## [Aim of the task]
Leave out the pictures and reproduce all of the data exactly.

## [Data extract]
------------------------

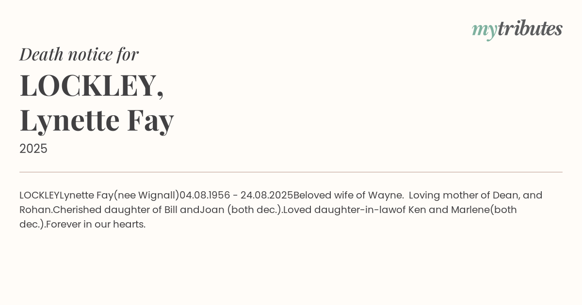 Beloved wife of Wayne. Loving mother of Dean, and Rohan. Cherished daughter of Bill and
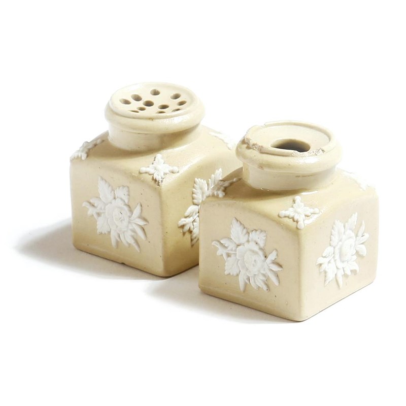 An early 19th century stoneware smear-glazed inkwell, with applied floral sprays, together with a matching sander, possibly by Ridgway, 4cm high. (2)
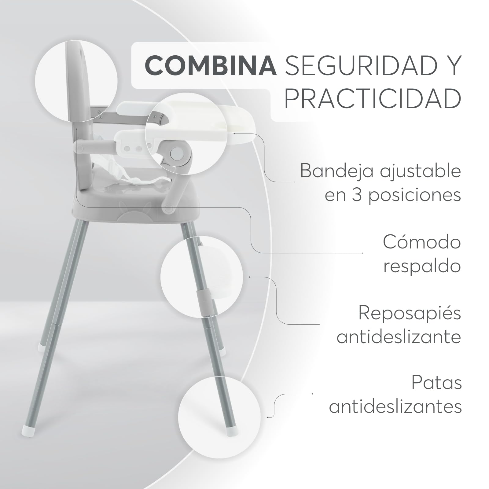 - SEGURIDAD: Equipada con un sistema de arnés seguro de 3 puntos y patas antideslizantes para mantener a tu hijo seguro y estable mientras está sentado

------------------------

## [Solution to the problem]
 Beloved wife of Wayne. Loving mother of Dean, and Rohan. Cherished daughter of Bill and
 An early 19th century stoneware smear-glazed inkwell, with applied floral sprays, together with a matching sander, possibly by Ridgway, 4cm high. (2)
 - SEGURIDAD: Equipada con un sistema de arnés seguro de 3 puntos y patas antideslizantes para mantener a tu hijo seguro y estable mientras está sentado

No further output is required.